▶ COLLECTED MATERIAL

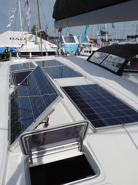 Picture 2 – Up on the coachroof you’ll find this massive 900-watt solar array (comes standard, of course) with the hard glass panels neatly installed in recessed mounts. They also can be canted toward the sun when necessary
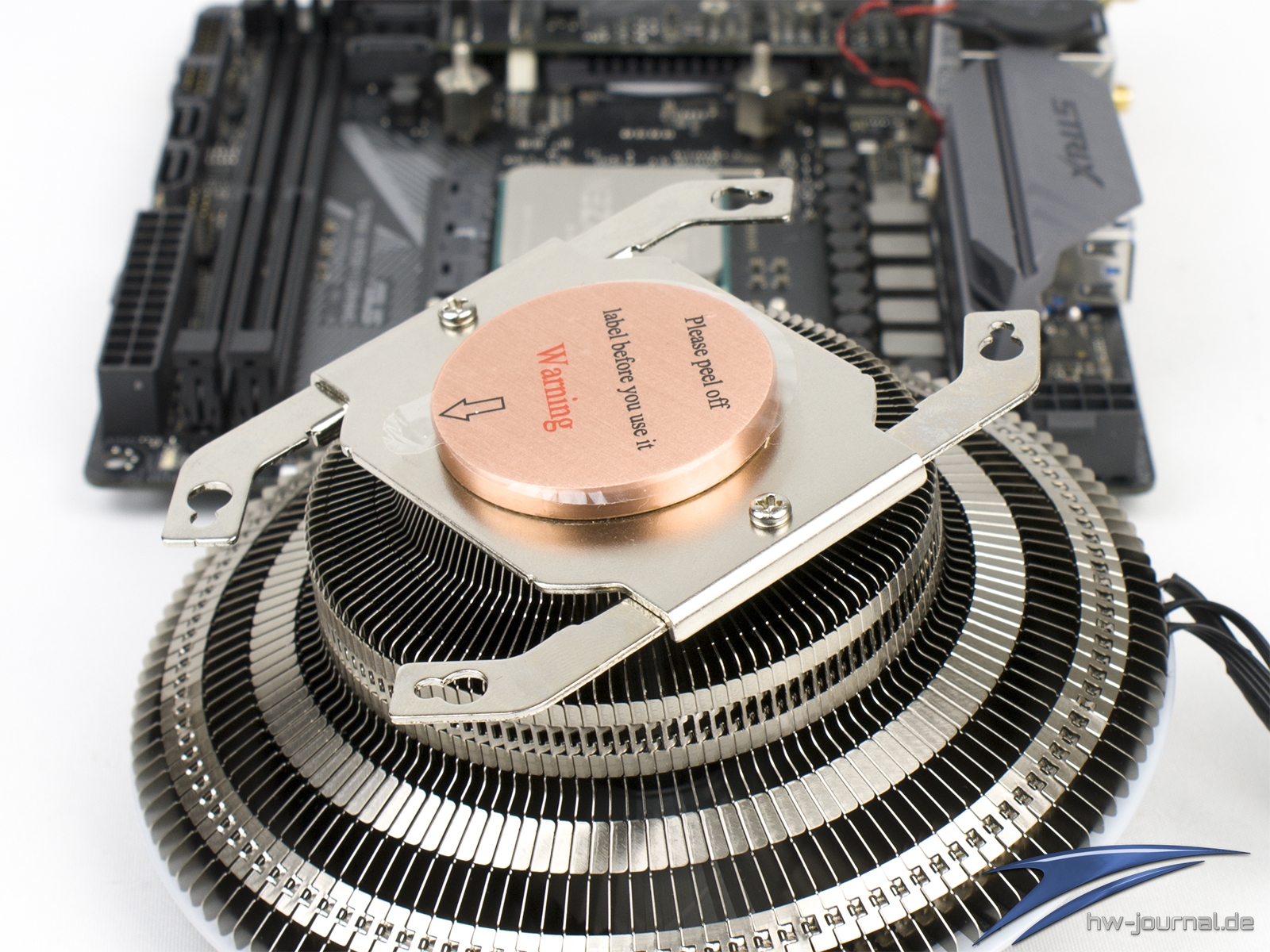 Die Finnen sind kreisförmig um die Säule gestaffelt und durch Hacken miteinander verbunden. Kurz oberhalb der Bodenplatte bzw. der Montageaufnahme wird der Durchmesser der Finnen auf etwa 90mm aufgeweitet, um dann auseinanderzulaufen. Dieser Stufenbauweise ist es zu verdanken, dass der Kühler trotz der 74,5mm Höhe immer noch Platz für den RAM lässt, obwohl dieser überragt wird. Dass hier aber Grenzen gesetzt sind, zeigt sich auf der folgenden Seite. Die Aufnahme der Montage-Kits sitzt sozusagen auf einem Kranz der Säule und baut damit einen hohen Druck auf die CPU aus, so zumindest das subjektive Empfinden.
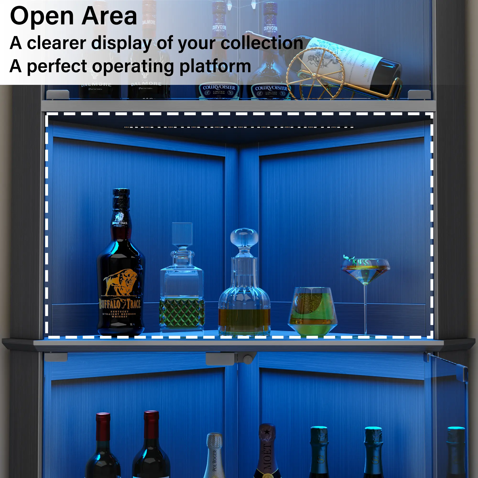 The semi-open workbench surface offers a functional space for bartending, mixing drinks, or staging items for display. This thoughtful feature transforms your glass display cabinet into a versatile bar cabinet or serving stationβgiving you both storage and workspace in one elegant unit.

▶ YOUR TASK
Give the data again exactly as it appears, but without any images.

▶ SOLUTION FOR THIS EXERCISE
 Picture 2 – Up on the coachroof you’ll find this massive 900-watt solar array (comes standard, of course) with the hard glass panels neatly installed in recessed mounts. They also can be canted toward the sun when necessary
 Die Finnen sind kreisförmig um die Säule gestaffelt und durch Hacken miteinander verbunden. Kurz oberhalb der Bodenplatte bzw. der Montageaufnahme wird der Durchmesser der Finnen auf etwa 90mm aufgeweitet, um dann auseinanderzulaufen. Dieser Stufenbauweise ist es zu verdanken, dass der Kühler trotz der 74,5mm Höhe immer noch Platz für den RAM lässt, obwohl dieser überragt wird. Dass hier aber Grenzen gesetzt sind, zeigt sich auf der folgenden Seite. Die Aufnahme der Montage-Kits sitzt sozusagen auf einem Kranz der Säule und baut damit einen hohen Druck auf die CPU aus, so zumindest das subjektive Empfinden.
 The semi-open workbench surface offers a functional space for bartending, mixing drinks, or staging items for display. This thoughtful feature transforms your glass display cabinet into a versatile bar cabinet or serving stationβgiving you both storage and workspace in one elegant unit.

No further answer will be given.